HOW TO COMPLETE THIS TASK: Copy the lines below exactly, starting with the first and finishing with the one holding "Myga offers Dragon's"; do not copy the pictures.

(Recorded data)
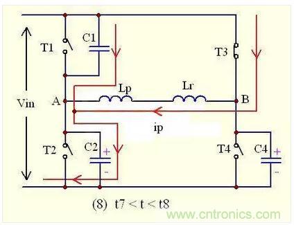 第4、8种工作模式分别是滞后臂与超前臂的谐振模式,稍后上详细的分析过程
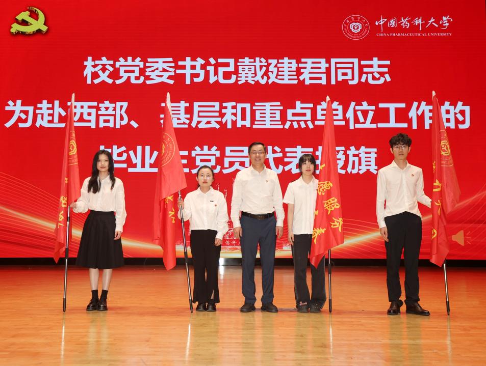 会上,戴建君为即将赴西部、基层和重点单位工作的毕业生党员代表授旗,勉励他们淬炼品格、增长才干、挺膺担当,让青春旗帜飘扬在祖国最需要的地方。
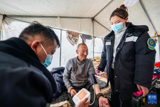 在那曲市索縣西昌鄉(xiāng),衛(wèi)生院醫(yī)務(wù)人員為蟲草採集點的牧民測量血壓(5月18日攝)。新華社記者 丁增尼達 攝
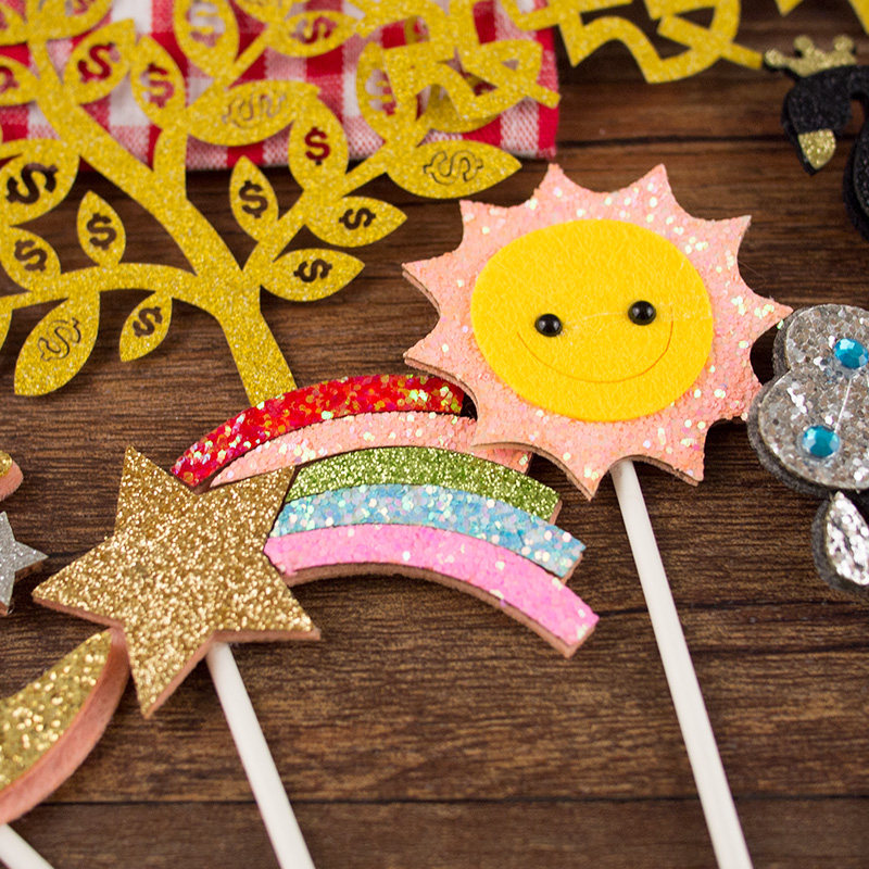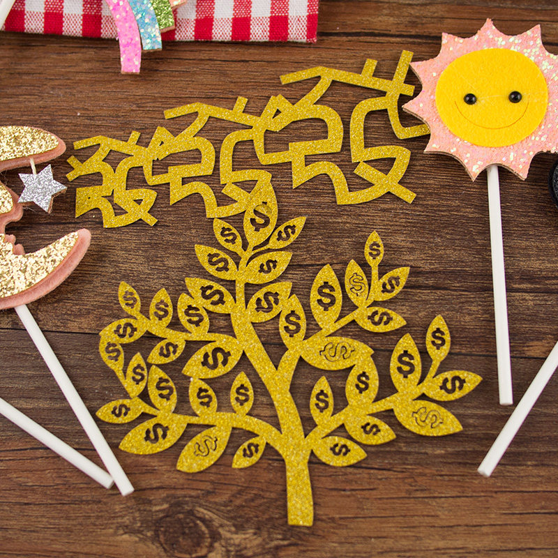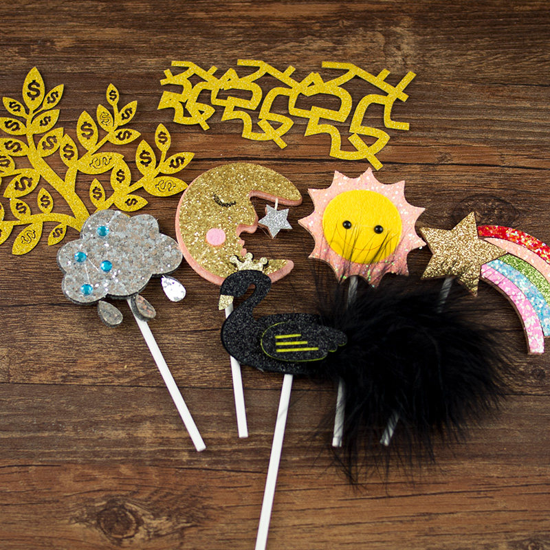 Cake decoration plug-ins insert row moneymaker Moon stars Sun clouds Black Swan Birthday party decoration
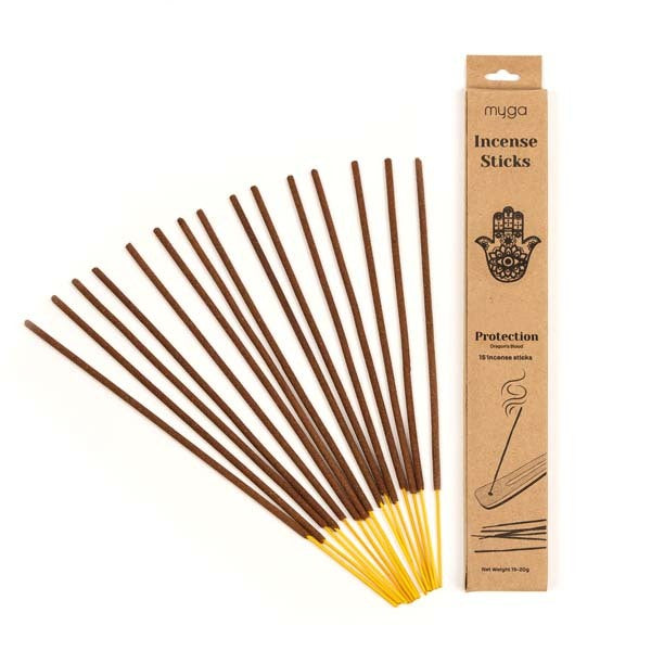 Myga offers Dragon's Blood Protection in these carefully crafted incense sticks. Each individual stick is hand-rolled onto a bamboo core using unique natural extracts and herbs for a distinct scent profile. These natural room fragrance options are ideal for creating atmosphere during yoga or meditation practices.
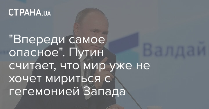 "Впереди самое опасное". Путин считает, что мир уже не хочет мириться с гегемонией Запада
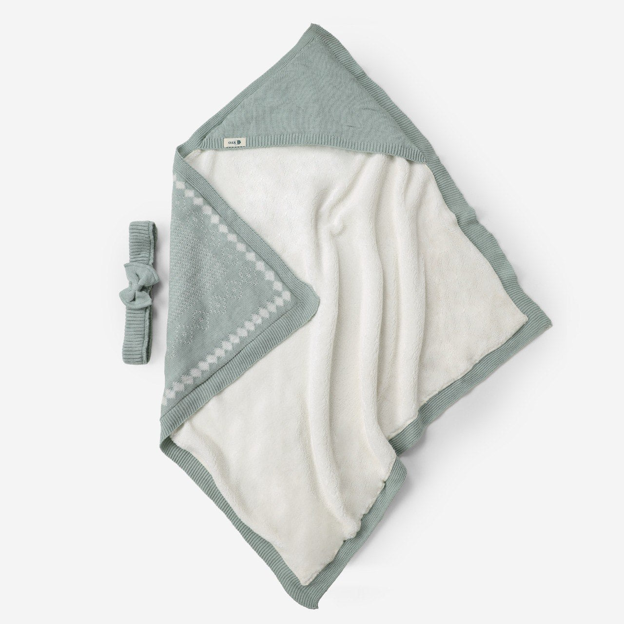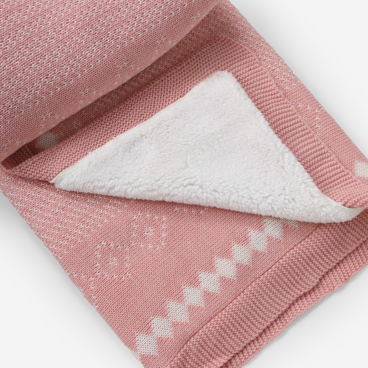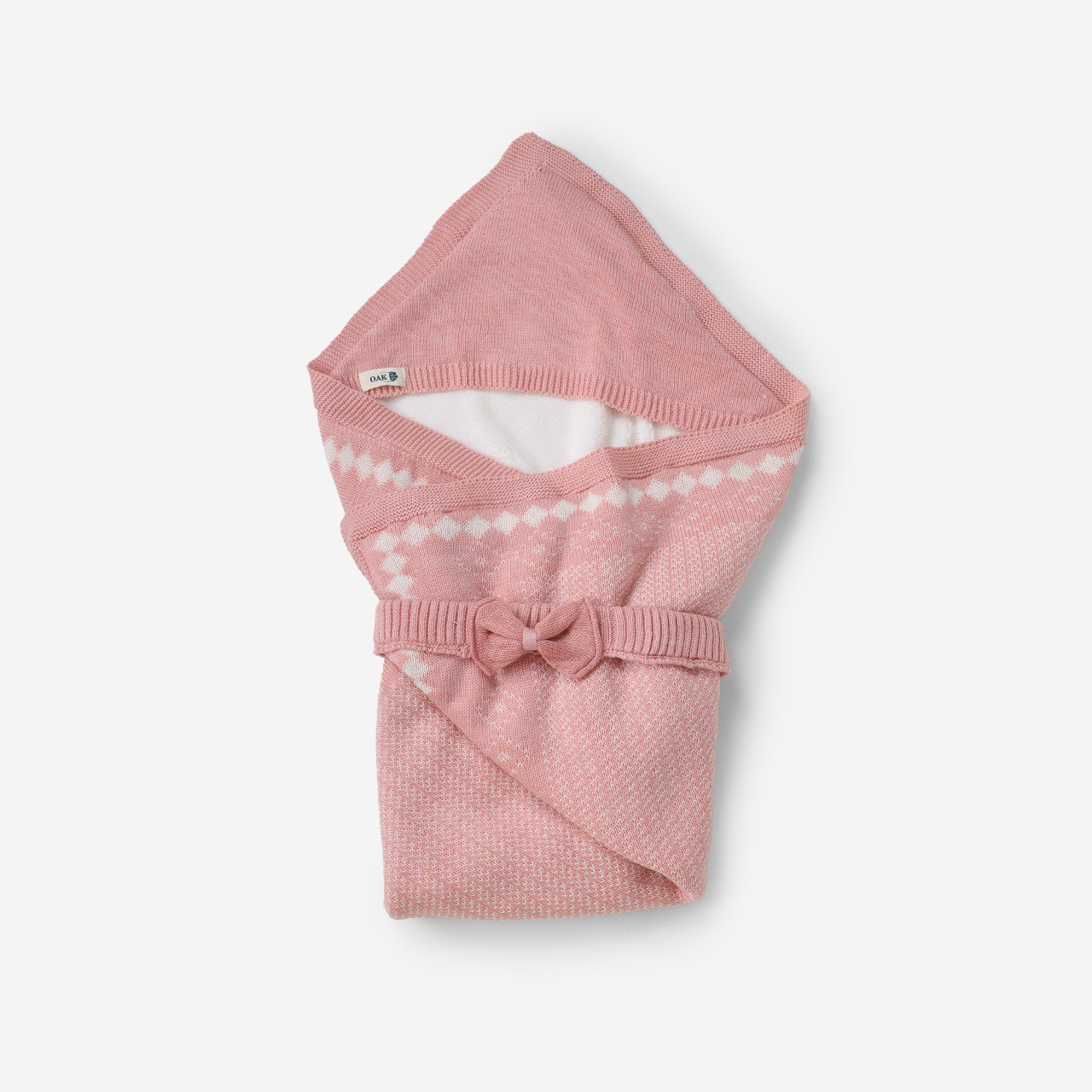 This luxurious quilted knit blanket for babies comes in a variety of colors and features raised, geometric knit details. The outer layer is soft and textured knit, while the inner layer is a super-soft white fleece (terry/sherpa) lining that provides exceptional warmth and comfort. It has a square design with a built-in triangular hood and is trimmed with pink ribbed edges. Use it to wrap and keep your baby warm after a bath or during sleep. A matching pink knit headband with a decorative bow is included.

ANSWER TO THE PROBLEM:
 第4、8种工作模式分别是滞后臂与超前臂的谐振模式,稍后上详细的分析过程
 会上,戴建君为即将赴西部、基层和重点单位工作的毕业生党员代表授旗,勉励他们淬炼品格、增长才干、挺膺担当,让青春旗帜飘扬在祖国最需要的地方。
 在那曲市索縣西昌鄉(xiāng),衛(wèi)生院醫(yī)務(wù)人員為蟲草採集點的牧民測量血壓(5月18日攝)。新華社記者 丁增尼達 攝
 Cake decoration plug-ins insert row moneymaker Moon stars Sun clouds Black Swan Birthday party decoration
 Myga offers Dragon's Blood Protection in these carefully crafted incense sticks. Each individual stick is hand-rolled onto a bamboo core using unique natural extracts and herbs for a distinct scent profile. These natural room fragrance options are ideal for creating atmosphere during yoga or meditation practices.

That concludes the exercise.